Interview mit Sportschütze André Link

Die Olympischen Spiele in Rio waren das größte Sportfest der Welt. Es war bereits die 31. Olympiade und die erste in Südamerika. 11 458 Sportler aus 206 Nationen kämpften in 306 Wettbewerben und 28 Sportarten um Medaillen. Unter den Teilnehmern war auch Sportschütze André Link aus Pforzheim, der von der Sparkasse Pforzheim Calw unterstützt wurde. Direkt nach den Spielen hat er uns einige Fragen zu seinen Erlebnissen beantwortet.

André, die deutschen Schützen waren bei der Olympiade so gut wie noch nie. Du bist in Deinem Wettbewerb in Rio Fünfter geworden? Bist Du zufrieden damit?

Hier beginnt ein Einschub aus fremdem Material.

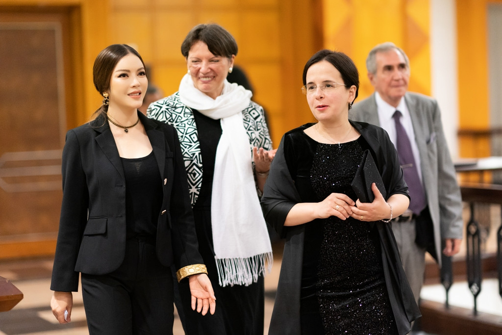 Trở về Việt Nam sau chuyến công tác dài ở nước ngoài, Lý Nhã Kỳ vẫn thu hút mọi ánh nhìn khi xuất hiện tại sự kiện đón tiếp đoàn đại biểu Rumani cùng ngài Đại sứ Rumani tại Việt Nam TS. Emil Ghitulescu.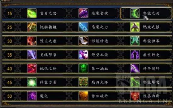 第二排我个人选择饥肠辘辘,改版后的饥肠辘辘增加恶魔之咬20%的伤害且额外增加5-10点怒气,考虑到版本初期绿字不足怒气的缺乏,我个人感觉加强后的饥肠辘辘增加怒气的体感比起献祭光环要来的更顺畅。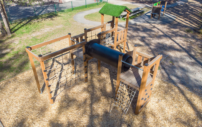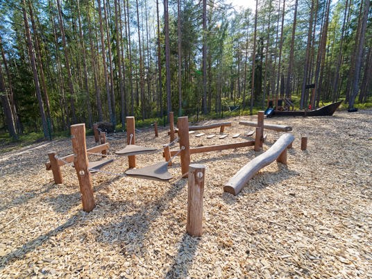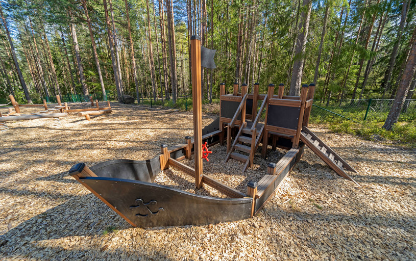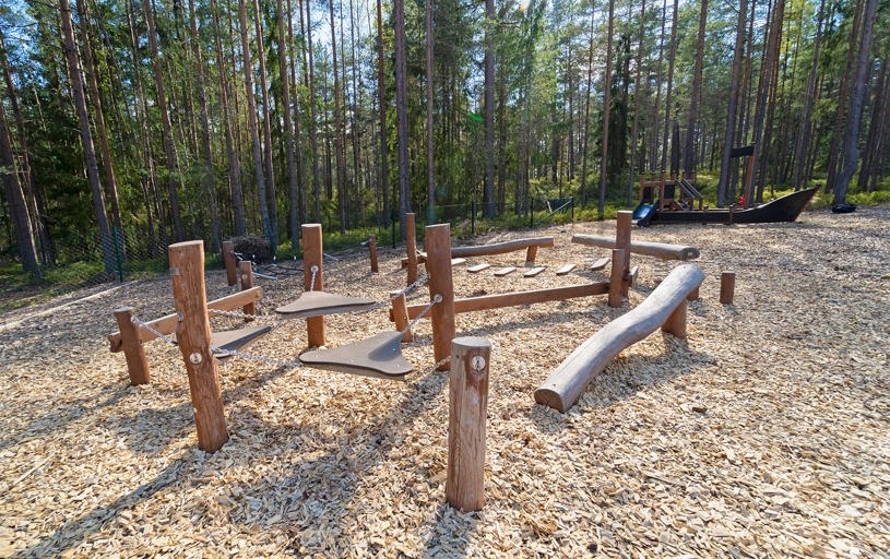Her er så meget legeværdi som muligt: Rolleleg, platformsleg, spændende rutsjebaner, balance- og motoriktræning og udfordrende klatring. Under den åbne himmel får fantasien frit spil.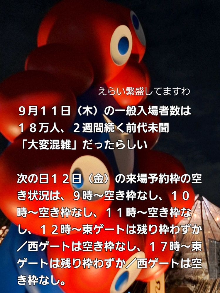 なるのね😀昨日行ってきた(若い)人の話ではパビリオンどこも入れず大屋根リングも人が多すぎで上がらずって聞きましたよ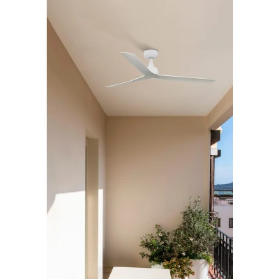 General description This MARINE white ceiling fan is designed for outdoor use, making it ideal for ventilating spaces ranging from 13 m² to 17.6 m². It features a sleek design with a white housing and blades, ensuring it blends seamlessly into any decor. Technical specifications Voltage: 220-240 V ~ 50/60 Hz Diameter: 125 cm / 49" Housing colour: white Blade colour: white Motor wattage: 4 / 6.3 / 9.2 / 14.7 / 20.1 / 27.9 W Revolutions per minute: 86 / 121 / 146 / 175 / 198 / 222 Max. airflow: 174.3 m³/min / 6155 CFM Ceiling to blades: 22.1 cm / 8.7" Overall drop: 24.5 cm / 9.6" Diameter canopy: 13 cm / 5.1" Max. ceiling slope: 12° Weight: 3.2 kg / 7.1 lbs IP Rating: IP44 Compatibility and accessories Includes remote control with 6 fan speeds, off, running direction, timer, and natural breeze function. Installation Suitable for inclining roofs. Usage Features forward and reverse function for summer and winter modes. Other information Anticorrosive treatment of metal parts.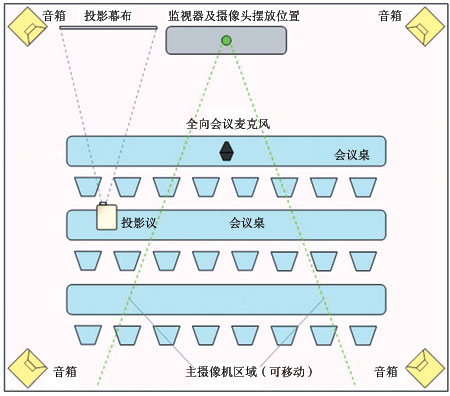 會(huì)場(chǎng)設(shè)計(jì)的好壞是視頻會(huì)議系統(tǒng)實(shí)施成敗的關(guān)鍵。視頻會(huì)議系統(tǒng)并不單純是將幾個(gè)視頻交換平臺(tái)和終端通過網(wǎng)絡(luò)連接起來就可以順利運(yùn)行了,需綜合考慮會(huì)場(chǎng)的網(wǎng)絡(luò)環(huán)境、位置及大小、燈光和電源等因素,才能在會(huì)議音視頻質(zhì)量、會(huì)議功能、操作簡(jiǎn)便性及穩(wěn)定性等方面發(fā)揮最優(yōu)的功能。

Ja, durch den Erfolg der anderen war die Stimmung im Team super. Ich konnte befreit von Gedanken wie „jetzt muss ich das noch rumreißen, sonst gehen die Schützen wieder ohne Medaille nach Hause und verschwinden in der Bedeutungslosigkeit“, an den Wettkampf herangehen. Ich konnte meinen Wettkampf ohne Druck von außen angehen. Der Druck, den ich mir selbst mache, reicht mir vollkommen aus. Hätte mir vorher jemand den 5. Platz als endgültige Platzierung angeboten, hätte ich ihn ohne weiter nachzudenken genommen. Ich weiß natürlich, dass während des Wettkampfs dann mehr drin war und ich auch noch Chancen auf eine Medaille und auch auf Gold hatte. Zum Schluss musste ich mich aber drei deutlich erfahreneren Schützen und meinem direktesten Rivalen geschlagen geben. Mit dem streite ich mich nun seit 2013 im Juniorenbereich und nun auch bei den Erwachsenen bei allen möglichen internationalen Wettkämpfen um die Medaillen.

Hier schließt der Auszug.